Copy out the data below from the line containing "Figure 5: Te Rohe o Wairoa Area of Interest" to the line containing "Right: Ulm Pishkun", both lines included, with all images left out.

*The records*:

+ + + +

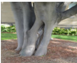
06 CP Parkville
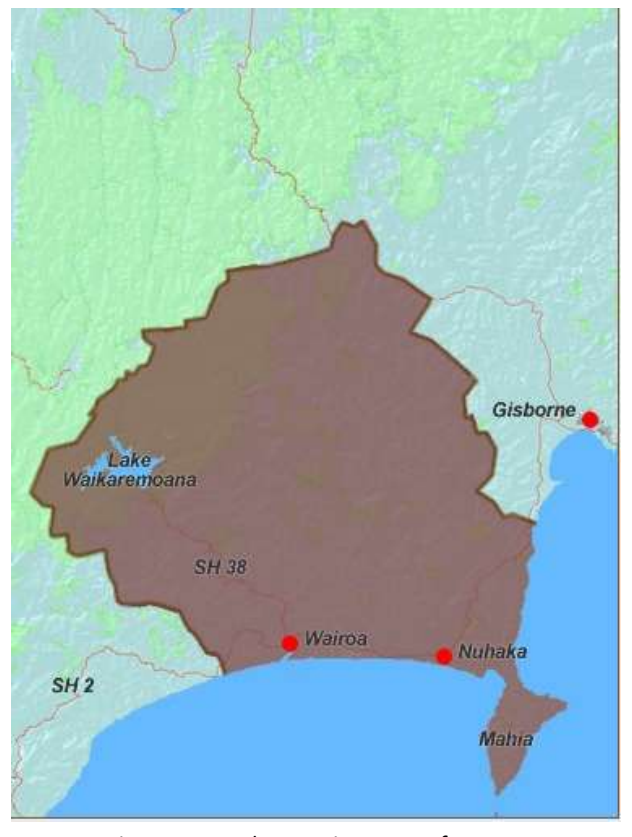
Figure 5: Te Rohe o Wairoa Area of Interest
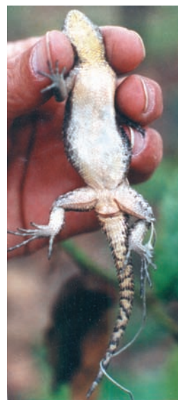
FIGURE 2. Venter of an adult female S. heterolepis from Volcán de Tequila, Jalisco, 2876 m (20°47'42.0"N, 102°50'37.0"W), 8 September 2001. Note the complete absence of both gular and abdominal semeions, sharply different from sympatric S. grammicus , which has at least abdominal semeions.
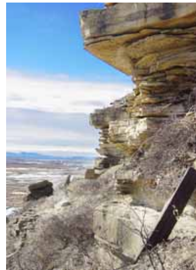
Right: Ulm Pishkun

+ + + +

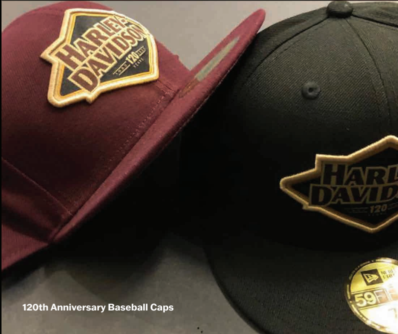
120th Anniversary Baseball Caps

+ + + +

*Written solution*:
Figure 5: Te Rohe o Wairoa Area of Interest
FIGURE 2. Venter of an adult female S. heterolepis from Volcán de Tequila, Jalisco, 2876 m (20°47'42.0"N, 102°50'37.0"W), 8 September 2001. Note the complete absence of both gular and abdominal semeions, sharply different from sympatric S. grammicus , which has at least abdominal semeions.
Right: Ulm Pishkun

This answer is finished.